GoogleCloudPlatform / professional-services-data-validator

Utility to compare data between homogeneous or heterogeneous environments to ensure source and target tables match
Apache License 2.0
385 stars 108 forks source link

Error: Syntax error at or near "table_name" #1165

Open GabrieleCalarota opened 1 month ago

GabrieleCalarota commented 1 month ago

Hi 👋🏻

I'm running DVT from CLI on PostreSQL (v13.10) deployed on 2 GCP instances under private IPs with SSL enabled with config file like:

result_handler:
  project_id: my_project_id
  table_id: pso_data_validator.results
  type: BigQuery
source: source_conn
target: target_conn
validations:
- aggregates:
  - field_alias: count
    source_column: null
    target_column: null
    type: count
  filter_status: null
  filters: []
  format: table
  labels: []
  random_row_batch_size: null
  schema_name: public
  table_name: my_table_41
  target_schema_name: public
  target_table_name: my_table_41
  threshold: 0.0
  type: Column
  use_random_rows: false
  ...

I've successfully runner the tool for all tables except this one that I get this stacktrace (with --verbose and -ll DEBUG)

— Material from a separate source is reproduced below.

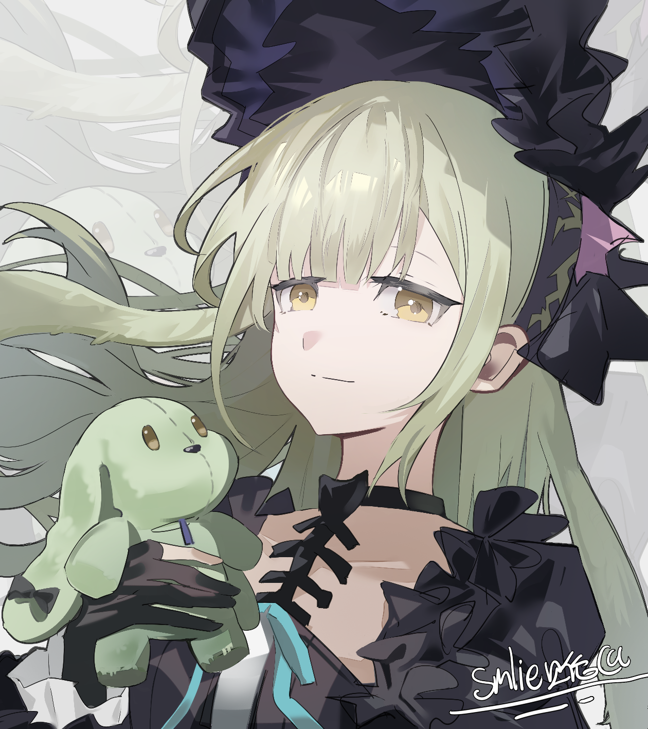 1girl animal_ears arknights bang_dream! bang_dream!_it's_mygo!!!!! black_bonnet black_gloves bonnet closed_mouth floppy_ears gloves gothic_lolita green_hair hair_ornament highres holding holding_stuffed_toy lolita_fashion long_hair looking_at_viewer rabbit_ears rabbit_girl sidelocks smile solo stuffed_animal stuffed_rabbit stuffed_toy upper_body wakaba_mutsumi wakaba_mutsumi_(marionette's_id) x_hair_ornament yellow_eyes yyz_bei_lun_sang
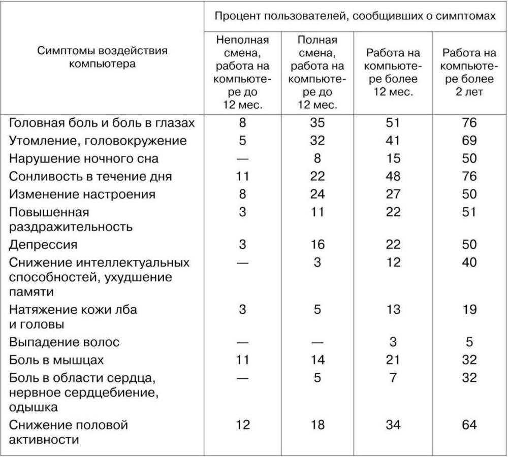 Впечатляют результаты медико-биологических исследований воздействия персональных компьютеров на профессиональных пользователей, проведенных Российским НИИ охраны труда (Демирчоглян Г. Г., 1997), которые представлены в табл. 1.

06/10/2024 12:23:23 PM-INFO: Currently running the validation for YAML file: dvt_parallel/generated_validations_chunk_207.yaml
06/10/2024 12:23:27 PM-DEBUG: Checking None for explicit credentials as part of auth process...
06/10/2024 12:23:27 PM-DEBUG: Checking Cloud SDK credentials as part of auth process...
/Users/gabrielecalarota/.pyenv/versions/3.11.5/lib/python3.11/site-packages/ibis/backends/base/sql/alchemy/__init__.py:422: SAWarning: Can't validate argument 'dialect_options'; can't locate any SQLAlchemy dialect named 'dialect'
  table = sa.Table(
/Users/gabrielecalarota/.pyenv/versions/3.11.5/lib/python3.11/site-packages/ibis/backends/base/sql/alchemy/__init__.py:442: SAWarning: Omitting index key for (user_id, submitted_at, task_id), key covers omitted columns.
  self.inspector.reflect_table(table, table.columns)
/Users/gabrielecalarota/.pyenv/versions/3.11.5/lib/python3.11/site-packages/ibis/backends/base/sql/alchemy/__init__.py:442: SAWarning: Can't validate argument 'dialect_options'; can't locate any SQLAlchemy dialect named 'dialect'
  self.inspector.reflect_table(table, table.columns)
06/10/2024 12:23:34 PM-ERROR: Error (psycopg2.errors.SyntaxError) syntax error at or near "tasks_20"
LINE 1: ...EMPORARY VIEW "11f7f2473f694bc8880251be1a50d21e" AS tasks_20
                                                               ^

[SQL: CREATE TEMPORARY VIEW "11f7f2473f694bc8880251be1a50d21e" AS tasks_20]
(Background on this error at: https://sqlalche.me/e/14/f405) occurred while running config file dvt_parallel/generated_validations_chunk_207.yaml. Skipping it for now.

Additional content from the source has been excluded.